Posted on March 2024 by Felipe Aníbal
Last updated on June 26, 2024
With the proper environment set up, me and Otávio Silva were ready for our first contribution to the Linux Kernel. Professor Paulo Meirelles gathered with Marcelo Schmitt (former IME student that now works with IIO drivers at Analog) and made a list of suggestions of drivers that we could contribute to and of possible improvements to the code. The suggestions involved choosing a driver and applying a correction (or improvement) that was already applied elsewhere. Marcelo ranked the suggestions in order of difficulty. We studied them all, and decided to give it a try at the hardest one. (As you will see in a moment, maybe we were overly confident).

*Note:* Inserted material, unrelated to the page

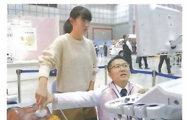
体の外から観察する超音波検査

The correction we set out to do involved changing the output of the driver LTC2309, a 12-bit ADC (analog to digital converter). This device converts an analog input into a digital signal. The output is in the form of a 12-bit binary number. Marcelo identified that in some similar devices the output of negative numbers was not always properly represented in 2’s complement form. That means that the negative numbers were not properly displayed to the user. To fix that, some patches to other drivers used the function sign_extend32() to correct the position of the sign-bit. Our idea was to implement a similar change but on the driver we were working on.
We studied the drivers that implement that change and realized that most of then apply the sign-extension inside the read_raw function - where information is read from the device. We found a very similar structure on the LTC2309 driver and, after reading the device documentation to better understand how it worked, we applied a similar fix.
The maintainers were very quick to respond to our patch! But the response was not exactly what we expected: our first patch was rejected! The maintainers made some important questions that lead us to further study the driver. It turns out that the LTC2309 ADC has to modes of operation: single-ended mode and differential mode. However, the unipolar mode does not use negative numbers, and what we discovered is that the bipolar mode (the one that uses negative numbers) was not implemented in the driver! In order for our patch to be accepted, we would have to implement the bipolar mode from scratch. That was no trivial task! Since this was our first time contributing to the kernel and we had other projects to work on for the rest of the discipline, we reported our discoveries but decided not to continue.
Unfortunately our contribution was not accepted, but we learned a lot with the process! We learned how to set up the environment for the Kernel, we gained a in depth understanding of drivers and modules, and we learned how to send a patch to the Kernel. We also learned hands-on how the kernel is implemented. I hope that in the future we can look at the Kernel again and make another contribution!